Martin J L, Waksman G, Bardwell J C, Beckwith J, Kuriyan J
Howard Hughes Medical Institute, Rockefeller University, New York, NY 10021.
J Mol Biol. 1993 Apr 5;230(3):1097-100. doi: 10.1006/jmbi.1993.1226.
DsbA is a 21 kDa protein that facilitates disulphide bond formation and is required for the correct folding and stability of a number of exported proteins in Escherichia coli. Crystals of oxidized DsbA have been obtained from polyethylene glycol 8000 (20 to 25%), 0.1 M-cacodylate buffer (pH 6.5) and 1% 2-methyl-2,4-pentanediol. Oxidation of the protein is critical for reproducibly obtaining high quality crystals. The resulting crystals diffract to 2 A and belong to the monoclinic space group C2 with cell dimensions a = 117.5 A, b = 65.0 A, c76.3 A, beta = 126.3 degrees with two molecules in the asymmetric unit.

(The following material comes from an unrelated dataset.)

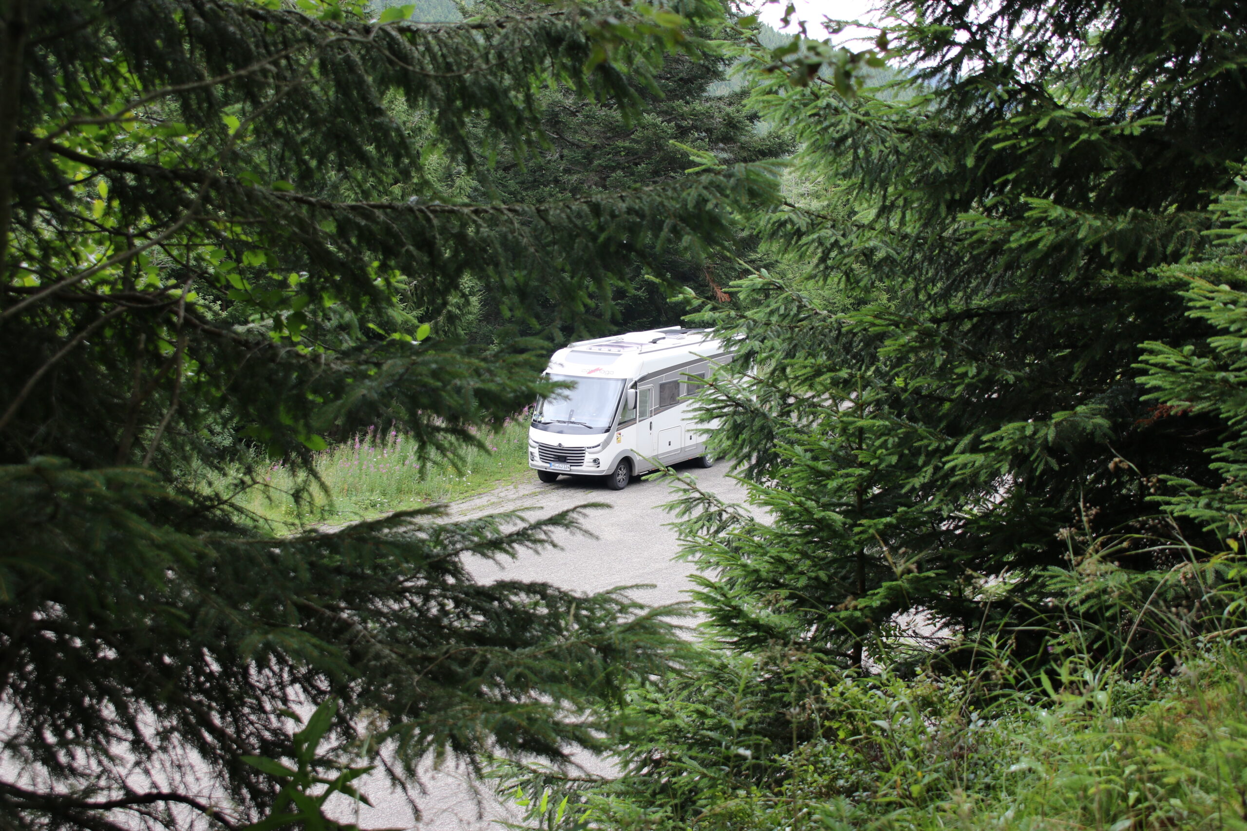 Enzian, Knabenkraut, Hornveilchen und vor allem Erika soweit das Auge reicht begleitet den Weg. Mit einigen Regentropfen erreicht auch Gabi das Womo. - Tanet Lac Vert: Über den Col de La Schlucht, auf dem bereits einige Womos für die Nacht stehen, zieht es uns zu einem Parkplatz nahe dem Lac Vert. Der obere Parkplatz hat für uns keinen ebenen Parkplatz, also fahren wir eine Etage tiefer zum Parkplatz neben dem Skilift. Gewitterdonner verhindert die Wanderung zum Lac Vert.

二硫键异构酶A(DsbA)是一种21 kDa的蛋白质,它促进二硫键的形成,是大肠杆菌中许多输出蛋白正确折叠和稳定所必需的。已从含20%至25%聚乙二醇8000、0.1 M二甲胂酸盐缓冲液(pH 6.5)和1% 2-甲基-2,4-戊二醇中获得氧化型二硫键异构酶A的晶体。蛋白质的氧化对于可重复地获得高质量晶体至关重要。所得晶体的衍射分辨率为2 Å,属于单斜空间群C2,晶胞参数为a = 117.5 Å,b = 65.0 Å,c = 76.3 Å,β = 126.3°,不对称单位中有两个分子。